The University of Minnesota’s Morris campus grew out of the former West Central School of Agriculture (WCSA) and an even earlier campus for American Indian education dating to the late nineteenth century. As such, it tells a unique story of changing attitudes toward Native Americans, education, and agricultural extension.

Founded in 1910 as part of a statewide network of boarding schools for rural children, the WCSA served regional students at a time when rural high schools were scarce. The new school initially occupied the empty buildings of the Indian Industrial School founded by the Sisters of the Sacred Heart in 1887. The Indian school was subsequently managed by the federal government before being absorbed into the University of Minnesota in 1910 as an agricultural experiment station and school of agriculture.

As a public institution, the WCSA had no chapel or grand gate, but a parade ground at the center of campus became the forerunner to the Mall of the present-day campus. Planned by the young landscape architecture firm Morell and Nichols in 1911, with an expansion in 1926, the WCSA was one of the earliest of the hundreds of planning projects the firm would complete across Minnesota, including most of the state’s public and private colleges, public institutions, and at the State Capitol District in St. Paul. The WCSA’s bilateral plan is focused on a central mall lined with buildings designed by state architect Clarence H. Johnston Sr. between 1911 and 1937.
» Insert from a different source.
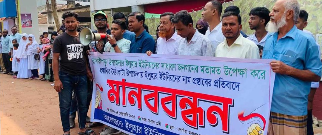প্রস্তাবিত পিরোজপুরের বৈঠাকাটা উপজেলার সঙ্গে বরিশালের বানারীপাড়া উপজেলার ইলুহার ও বিশারকান্দি ইউনিয়ন অর্ন্তভূ্িক্তর অপচেষ্টার প্রতিবাদে এবং অখন্ড উপজেলা রাখার দাবীতে মানববন্ধন ও বিক্ষোভ মিছিল অনুষ্ঠিত হয়েছে। সোমবার (২৪ ফেব্রুয়ারী) বেলা ১১টায় বানারীপাড়া উপজেলার ইলুহার ইউনিয়নের বলদিয়া মলুহার মাধ্যমিক বিদ্যালয়ের সামনে শিক্ষক ও শিক্ষার্থীসহ এলাকার সর্বস্তরের হাজারো মানুষের অংশগ্রহণে এ প্রতিবাদ কর্মসূচি পালণ করা হয়। এসময় অন্যান্যের মধ্যে বক্তৃতা করেন বলদিয়া মলুহার বালিকা মাধ্যমিক বিদ্যালয়ের প্রধান শিক্ষক আতিউর রহমান,বলদিয়া মলুহার মাধ্যমিক বিদ্যালয়ের সহকারি শিক্ষক মুনিরুল ইসলাম,পশ্চিম মলুহার সরকারি প্রাথমিক বিদ্যালয়ের সহকারি শিক্ষক আল-আমিন ও রাবেয়া খাতুন,ইলুহার ইউনিয়নের ৯ নম্বর ওয়ার্ড বিএনপির সভাপতি নুরুল হক নুরু, বরিশাল বিশ্ববিদ্যালয়ের ছাত্রনেতা আশিক আহমেদ. ইলুহার ইউনিয়নের ডিজিটাল সেন্টারের ইউডিসি উদ্যোক্তা মাহাতাব উদ্দিন প্রমুখ। বক্তারা এসময় অভিবক্ত বাংলার মূখ্যমন্ত্রী শেরে বাংলা আবুল কাসেম ফজলূল হকসহ বহু জ্ঞানী-গুনীর স্মৃতিধন্য পূণ্যভূমি এবং ইতিহাস-ঐতিহ্য সমৃদ্ধ বানারীপাড়া উপজেলাকে খন্ডিত করার অপচেষ্টার তীব্র নিন্দা ও প্রতিবাদ জানিয়ে বলেন,অবিলম্বে এ অপতৎপরতা বন্ধ করা না হলে বৃহত্তর আন্দোলন কর্মসূচি পালণ করা হবে। প্রসঙ্গত, পিরোজপুর জেলার নাজিরপুর উপজেলার কলারদোয়ানিয়া ইউনিয়নের মুগারঝোর গ্রামের বৈঠাকাটা একটি বাজারের নাম। নাজিরপুর উপজেলার ৩টি,বানারীপাড়ার দুটি ও স্বরূপকাঠি উপজেলার একটি ইউনিয়নের সমন্বয়ে এ বৈঠাকাটা বাজারকে উপজেলায় রূপান্তরের চেষ্টা চলছে। জানা গেছে,গত ১৬ ফেব্রুয়ারী জেলা প্রশাসনের মাসিক উন্নয়ন সমন্বয় কমিটির সভায় পিরোজপুর প্রেসক্লাবের সভাপতি এসএম রেজাউল ইসলাম শামীম জন্য প্রস্তাব উত্থাপন করেন। ওই সভায় প্রেসক্লাবের সাবেক সভাপতি মনিরুজ্জামান নাসিম আলী বৈঠাকাটা উপজেলা গঠনের সার্বিক যৌক্তিকতা তুলে ধরেন। এর আগে ৯ ফেব্রুয়ারী জেলা আইন শৃঙ্খলা কমিটির মাসিক সভায়ও অনুরূপ প্রস্তাব তুলে ধরা হয়। ফলে পিরোজপুর জেলা প্রশাসনের মাসিক উন্নয়ন সমন্বয় সভায় বৈঠাকাটা উপজেলা গঠনের সম্ভাব্যতা ও জনমত যাচাইয়ের জন্য জেলা প্রশাসনের স্থানীয় সরকার বিভাগের উপ-পরিচালকের নেতৃত্বে একটি কমিটি গঠন করা হয়। এ খবর ছড়িয়ে পড়লে উপজেলার ইলুহার ও বিশারকান্দি ইউনিয়নসহ দলমত,শ্রেণী-পেশা,ধর্ম-বর্ণ নির্বিশেষে গোটা বানারীপাড়া উপজেলাবাসীর মাঝে চরম ক্ষোভের সৃষ্টি হয়। সামাজিক যোগাযোগ মাধ্যমে এর তীব্র নিন্দা ও প্রতিবাদের ঝড় ওঠে। এ অপচেষ্টা রূখে দিতে অনেকেই আদালতে রিট (মামল

The WCSA campus achieved a tight unity of architecture and windbreaks sited to enclose space and reduce wind effects on the open prairie of western Minnesota. With neatly planted building foundations, linear sidewalks, ornamental test gardens, and formal street lamps, the campus became a demonstration of urbanity, landscape design, and horticultural research in rural Minnesota.

Johnston, who also designed the original buildings at the University of Minnesota’s St. Paul and Minneapolis campuses, was known for his use of red and brown brick and Romanesque Revival arched windows and porticos. His less formal, two-story academic and dormitory buildings at the WCSA reflect this palette, and the low-hipped roofs and broad front and side porches display a Craftsman influence. Centered on the east end of the Mall, the original Dining Hall and Gymnasium Building (Behmler Hall, 1918) is a three-story, Renaissance Revival structure, built with a lighter tone of brick.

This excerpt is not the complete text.